将此属性设置为“false”将禁用使用服务帐户进行身份验证。
</description>
</property>
<property>
<name>google.cloud.auth.service.account.json.keyfile</name>
<value>/path/to/service-account.json</value>
<description>
当google.cloud.auth.service.account.enable为true时,用于GCS访问的服务帐户的JSON密钥文件。
</description>
</property>
</configuration>
$ java --version
openjdk 11.0.8 2020-07-14
OpenJDK Runtime Environment (build 11.0.8+10-post-Ubuntu-0ubuntu120.04)

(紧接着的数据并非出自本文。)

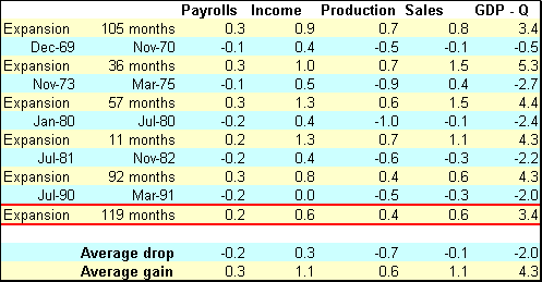 expansion (listed as "Expansion 119 months") shows generally below average growth for an expansion for each of the monthly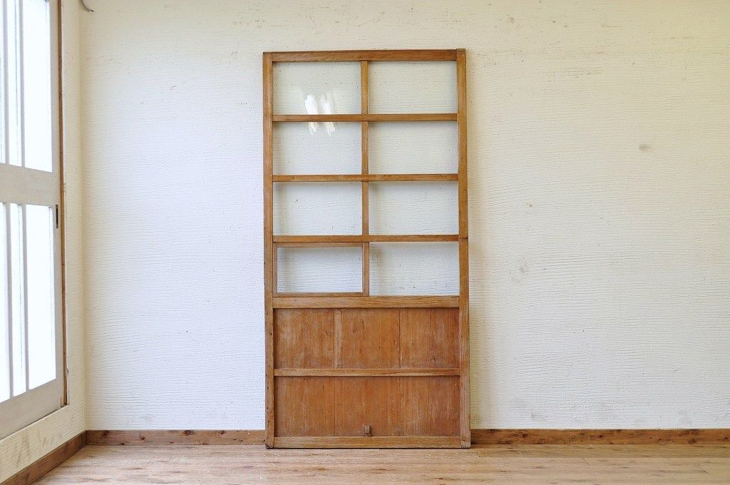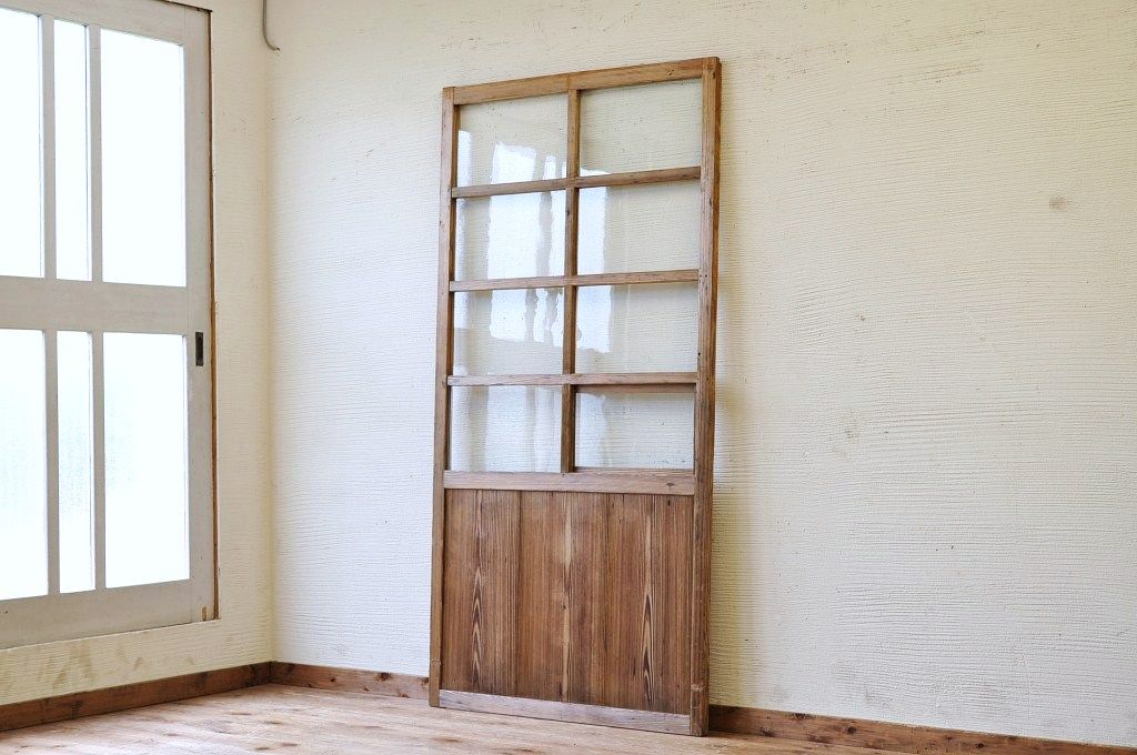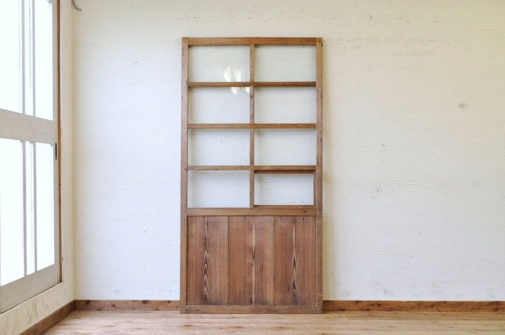 古い木味の小窓付き引き戸1枚です。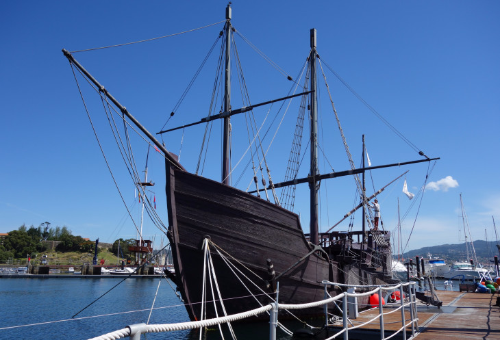 А по программе в тот день было посещение Байоны. Небольшой городок знаменит тем, что одна из каравелл экспедиции Колумба (Пинта) добралась до европейского берега именно здесь (Нинья с Колумбом на борту достигла берега в другом месте). Этому событию тут посвящены памятники, улицы, на рейде стоит музей-корабль, копия той самой Пинты. Ну как копия, корабль аналогичного класса и размеров. Кстати, размеров очень небольших, даже удивительно, что не потонул в океане. Я, конечно, не ожидала, что во времена великих географических открытий ходили на «Титаниках», но это даже скромнее по размерам, чем плавучие рестораны на набережной Невы, скажем.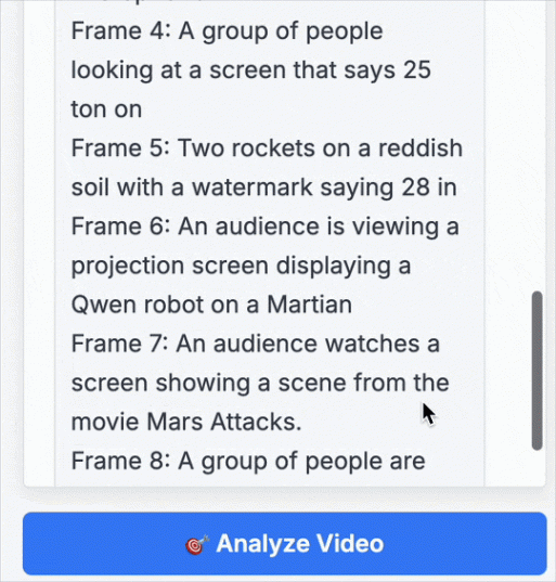 我們同樣上手體驗了FastVLM的強大功能。我們選取了近期在社交媒體上廣為流傳的“馬斯克計劃將擎天柱(Optimus)機器人送上火星”的視頻作為測試材料。整個過程非常直觀,上傳視頻后,只需點擊左側的“Analyze Video”,分析就開始了:

OpenJDK 64-Bit Server VM (build 11.0.8+10-post-Ubuntu-0ubuntu120.04, mixed mode, sharing)
$ hadoop version
Hadoop 3.3.0
源代码仓库 https://gitbox.apache.org/repos/asf/hadoop.git -r aa96f1871bfd858f9bac59cf2a81ec470da649af
编译者 brahma,时间 2020-07-06T18:44Z
使用 protoc 3.7.1 编译
来自具有校验和 5dc29b802d6ccd77b262ef9d04d19c4 的源代码
此命令是使用 /usr/local/hadoop/share/hadoop/common/hadoop-common-3.3.0.jar 运行的
bashrc:
...
export PDSH_RCMD_TYPE=ssh
export HADOOP_HOME="/usr/local/hadoop"
export PATH=$PATH:$HADOOP_HOME/bin
export PATH=$PATH:$HADOOP_HOME/sbin
export HADOOP_MAPRED_HOME=${HADOOP_HOME}
export HADOOP_COMMON_HOME=${HADOOP_HOME}
export HADOOP_HDFS_HOME=${HADOOP_HOME}
export YARN_HOME=${HADOOP_HOME}
英文:
I am trying to setup hadoop-connectors on my local Ubuntu 20.04 and running the test command hadoop fs -ls gs://my-bucket
but I keep getting errors like the following:
$ hadoop fs -ls gs://my-bucket
2020-08-22 03:29:06,976 WARN fs.FileSystem: Cannot load filesystem: java.util.ServiceConfigurationError: org.apache.hadoop.fs.FileSystem: com.google.cloud.hadoop.fs.gcs.GoogleHadoopFileSystem Unable to get public no-arg constructor
2020-08-22 03:29:06,977 WARN fs.FileSystem: java.lang.NoClassDefFoundError: com/google/api/client/http/HttpRequestInitializer
2020-08-22 03:29:06,977 WARN fs.FileSystem: java.lang.ClassNotFoundException: com.google.api.client.http.HttpRequestInitializer
ls: No FileSystem for scheme "gs"
Note that I can access the bucket using gsutil ls gs://my-bucket
.
I have downloaded gcs-connector-hadoop3-latest.jar
from here and placed it inside /usr/local/hadoop/share/hadoop/common/lib
. I hope this is the right place for this jar file?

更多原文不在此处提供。